Posted on March 10, 2017 )

Categories:

During my research of Bayesian Deep Models (integration of Bayesian graphical models with deep learning models), I found several handy tricks when dealing with sigmoid functions. Here, I summarize several for future use and also for other researchers who might find it useful.
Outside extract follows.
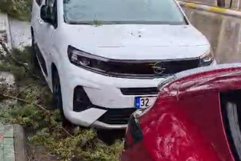 ISPARTA'da etkili olan sağanak ve şiddetli rüzgar yaşamı olumsuz etkiledi. Bir ağacın otomobil üzerine devrildiği anlar ise araç kamerasına yansıdı.

Variational Lower Bound on Sigmoid $\sigma(x)$

Expectation of Sigmoid function with Normal distribution

Consider the following logistic-normal integral:

$g=\int_{-\infty}^{\infty} \sigma(x)\mathcal{N}(x|\mu, \sigma^2) dx = \int_{-\infty}^{\infty} \frac{1}{1+e^{-x}} \frac{1}{\sigma \sqrt{2\pi}}e^{-\frac{(x-\mu)^2}{2\sigma^2}} dx.$

The logistic-normal integral does not have analytic expression. However, for mathmatical simplicity, we can approximate the expectation. In the end, we will demonstrate that the integral is approximately a reparameterized logistic function.
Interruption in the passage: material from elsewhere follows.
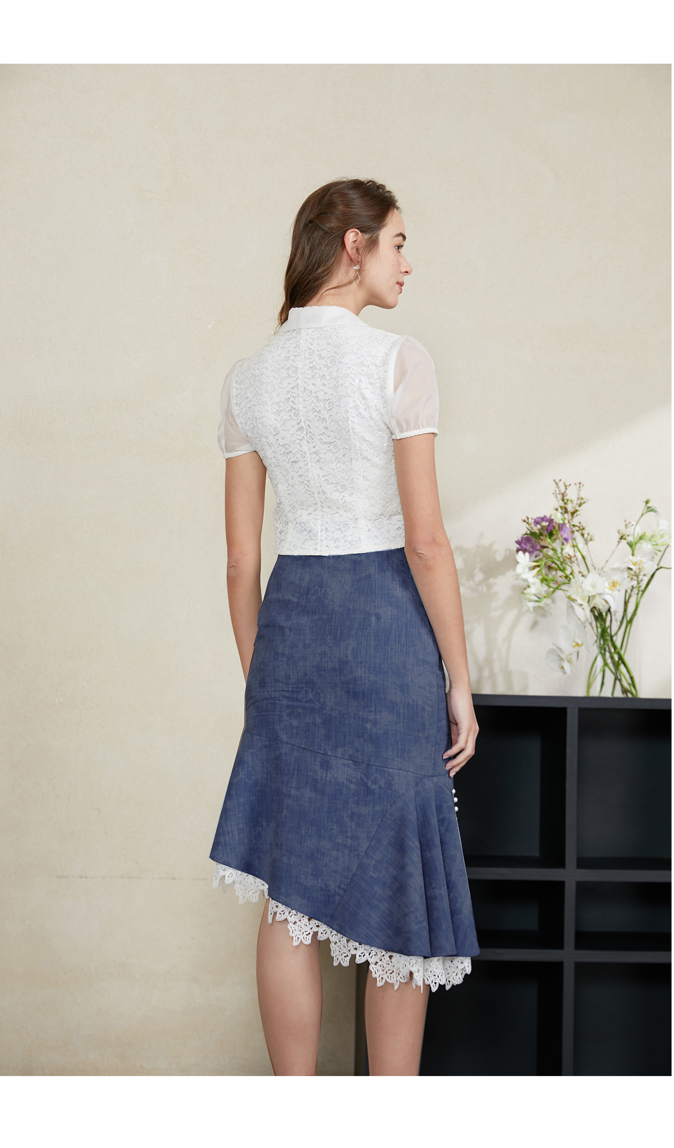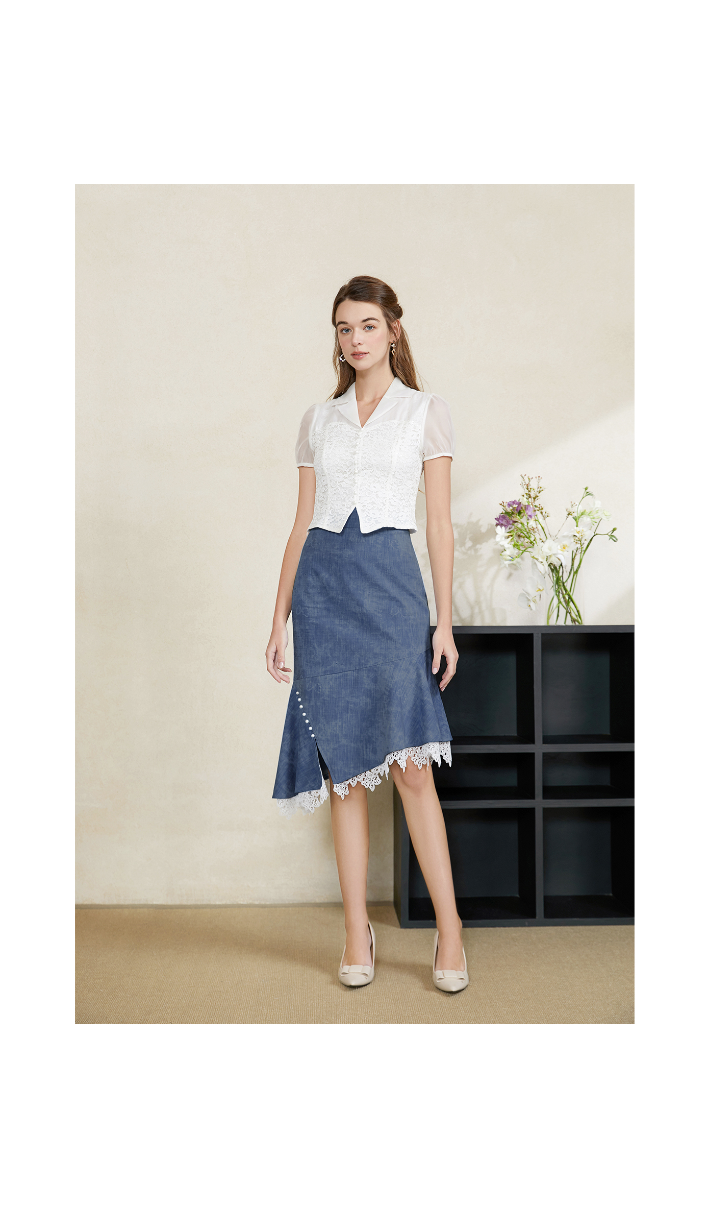 司歌蕾丝短袖v领收腰上衣T911012x

First, we can approximate the sigmoid function with a probit function.

$\sigma(x)\approx \Phi(\xi x), \text{where } \Phi(x)=\int_{-\infty}^x \mathcal{N}(\theta|0,1)d\theta, \text{and } \xi^2=\frac{\pi}{8}$

A little fact is that the probit-normal integral is just another probit function:

$\int \Phi(x) \mathcal{N}(x|\mu,\sigma^2) dx = \Phi(\frac{\mu}{\sqrt{1+\sigma^2}})$

Therefore,

$g\approx \int_{-\infty}^{\infty} \Phi(\xi x)\mathcal{N}(\mu, \sigma^2) dx = \Phi(\frac{\xi \mu}{\sqrt{1+\xi^2\sigma^2}})\approx \sigma(\frac{\mu}{\sqrt{1+\xi^2\sigma^2}}) = \sigma(\frac{\mu}{\sqrt{1+\pi\sigma^2/8}})$

It actually means, given a normally distributed random variable $x$, the sigmoid of $x$ is approximately the sigmoid of $\mathbb{E}[x]$ with some adjustment by the variance.

Some others

$\tanh(x)=2\sigma(2x)-1$